By March 21, the invasion force on Iwo Jima had been attacking for thirty-one consecutive days—a sustained effort unique in modern warfare. Their daily mission was unchanged: move on to one more ridge. A battle for yards, feet, and sometimes even inches. Brutal, deadly, and dangerous combat aimed at an underground, heavily fortified, nonretreating enemy. Five days of fighting remained, but no one could know that. Sleep-deprived, undernourished, inured by now to the routine of constant death, the boys shuffled forward. Their alertness, their finely tuned instinct for self-preservation, had inevitably deteriorated into a trancelike state.

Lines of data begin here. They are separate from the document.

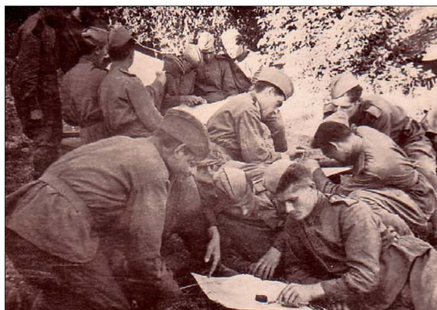
Заняття з військової топографії в Школі особливого призначення (1943-1944 рр.)
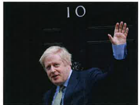
Calon PM Britain: Johnson sudah ada 100 sokongan
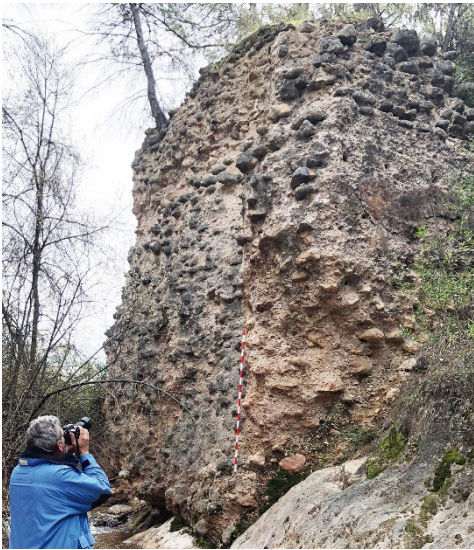
Fig. 1- Vista, aguas abajo, del estribo izquierdo de la presa. Elaboración propia.

No hay demasiados ejemplos de levantamientos de este tipo de infraestructuras medievales, por lo que el estudio, análisis gráfico e interpretación, de uno de los pocos casos que todavía se conservan, es especialmente relevante para el avance del conocimiento en la ingeniería hidráulica andalusí. El paisaje y los vestigios que aún permanecen son una importante fuente de información primaria, complementaria a las fuentes escritas. Los dos estribos, los terrenos del antiguo embalse o las tierras irrigadas por el mismo, aportan una valiosa información, útil para conocer cómo eran estos sistemas hidráulicos de irrigación (Fig. 1).
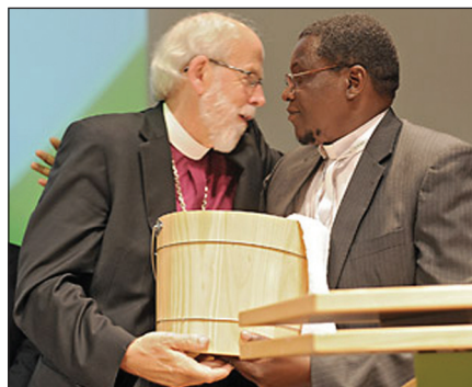
A megbékélés pillanatai
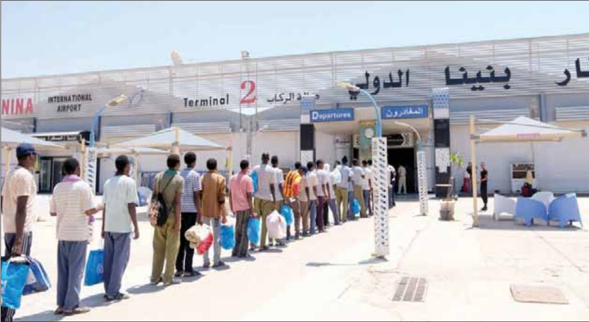
مهاجرون غير شرعيين من السودان ينتظرون ترحيلهم في بلادهم عند مدخل مطار بنينا في بنغازي أمس

سرت، أن قوات الجيش ستأخذ بنار أبيه، «وكل شهيد سقط أمام الميليشيات الإرهابية الإجرامية، التابعة لمجلس مصراتة العسكري، والتي ترتكب الجرائم ضد أهالي ليبيا يوماً».
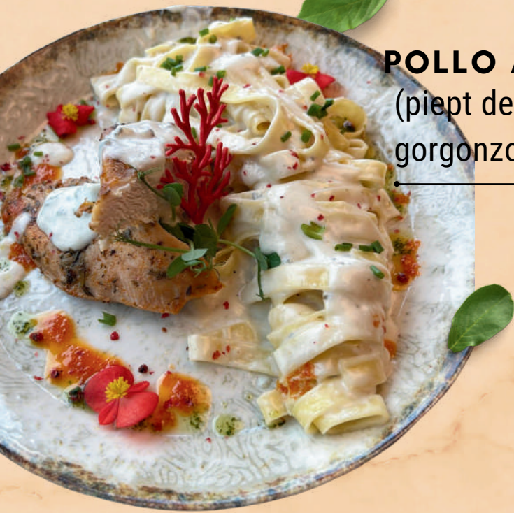
POLLO ALFREDO 500 GR 90 RON (piept de pui sous vide, tagliatelle, sos alb, gorgonzola, parmezan, unt)
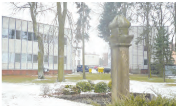
Obnoví se stará fontána

Havlíčkův Brod (jab) Firma Pleas má ve svém areálu více než 110 let parčík, který je oplocen a není přístupný veřejnosti. Tato situace se možná brzy změní. „My ten park nevyužíváme. V blízkém okolí není žádná kli-
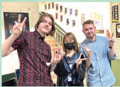
▲德國外籍生也來參觀多媒萬聖展

在這次的作品展示上，融合了校園鬼故事影片和 VR 虛擬實境的鬼屋體驗配合實體作品展出，現場還有 Coser 扮演不同角色與大家互動拍照，讓大家能夠在作品欣賞與遊戲體驗之中，感受萬聖節所帶來的活潑和校園魔法氛圍。
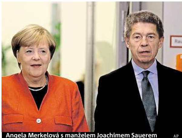
Angela Merkelová s manželem Joachimem Sauerem

Nejsilnější CDU/CSU měla v průzkumech podporu kolem 36 procent voličů. Druhé místo by podle předpokladů měli obsadit sociální demokraté (SPD). U nich se předpo-
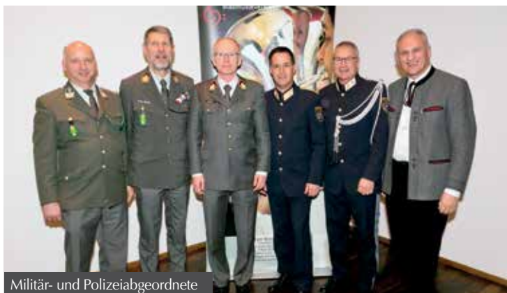
Militär- und Polizeiabgeordnete
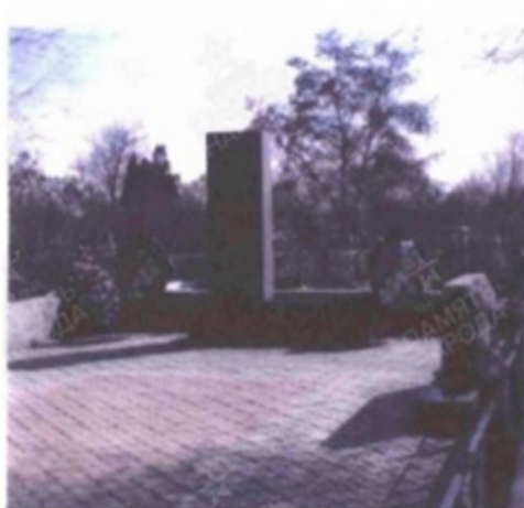
Фото из учетной карточки воинского захоронения, 01.09.2014 г.
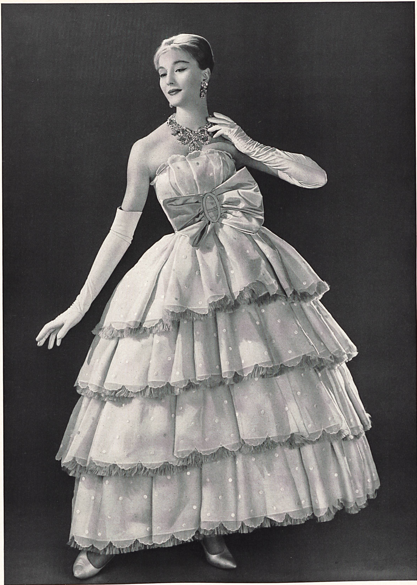
MAGGY ROUFF Volants d'organdi brodé blanc blanc de Union S. A., Saint-Gall

Modèles exclusifs - Reproduction interdite
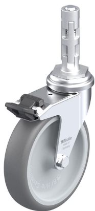
Blocage standard associé LRA-TPA 100G-FI-E01
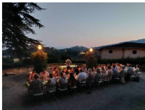
Fællesspisning foran Villaen

Der var stor begejstring blandt deltagerne for initiativet, arrangementet og maden - så konklusionen er, at vi vil bestræbe os på at fællesspisninger bliver en fast del af livet på Villa Vangile! – ikke mindst ser vi frem til at det store fællesskøkken i Villaen kommer til live under renoveringen af Lucca, så der vil være endnu bedre muligheder for de kulinariske oplevelser.
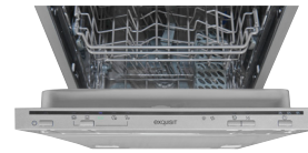
Bedienblende Einfache und intuitive Programm- meinstellung.
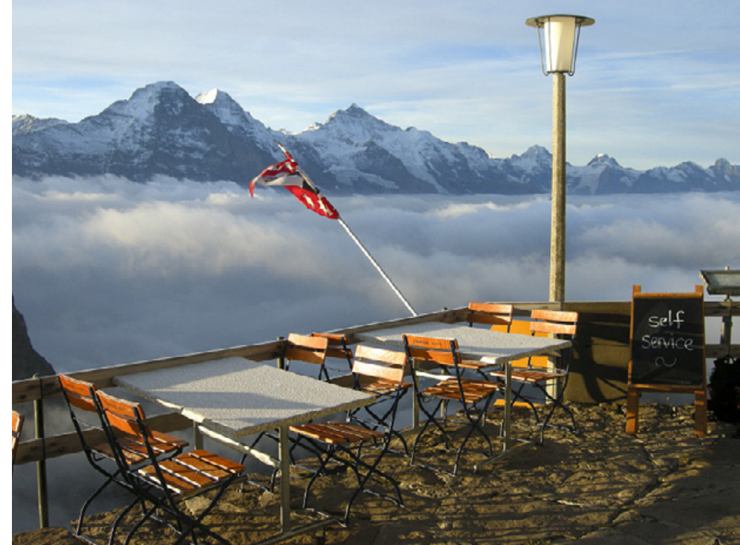
Eisiger Morgen auf der Terrasse.

Margrit gebührt unser herzlicher Dank für die gewissenhaften Vorbereitungen, die gute Organisation und die kompetente Führung.
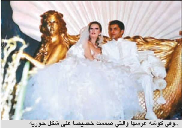
..وفي كوشة عرسها والتي صممت خصيصا على شكل حورية
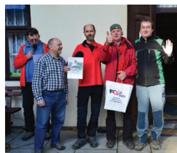
Joleji - 2. mesto kategorija C.

Iskrene čestitke vsem ekipam iz Planinskega društva Ruše za dosežena kar štiri 1. mesta, dve 2. mesti in po eno 3., 4. in 5. mesto. ■
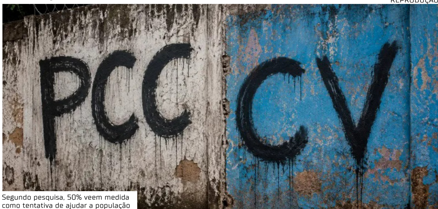
Segundo pesquisa, 50% veem medida como tentativa de ajudar a população

"um grito de socorro de uma população que teve suas vi-
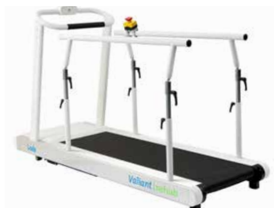
Valiant 2 Rehab vč. výškově nastavitelného zábradlí
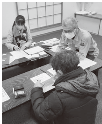
群長さん一人ひとりに丁寧に説明

会場は地区センターの和室を2部屋かりて1、3群の合同群会議です。中に入るとテーブルが2つあり、それぞれ群長・

Perhaps that explains what happened to Franklin Sousley.
Franklin had grown in battle, his comrades had observed. He’d seemed to get older and bigger. The last time L. B. Holly saw him, the young boy from Kentucky was cradling a wounded Marine between his legs as a corpsman gave first aid. A hell of a good Marine, Holly thought. A very considerate boy.
But then Franklin lost his focus for just a moment.
It happened at about two-thirty in the afternoon. The island had nearly been secured. Some Marines were already reboarding the transport ships offshore. General Keller E. Rockey was busy dedicating the 5th Division cemetery. And Franklin Sousley simply wandered into a road.
It was a known area of Japanese sniper fire. Perhaps Franklin forgot that. Perhaps he figured the Japanese had stopped shooting. Perhaps he was daydreaming about Marion.
The shot got him from behind. As the boys around him dove to the ground, Franklin swatted absently at his back, as though brushing away a blue-tailed fly. Then he fell.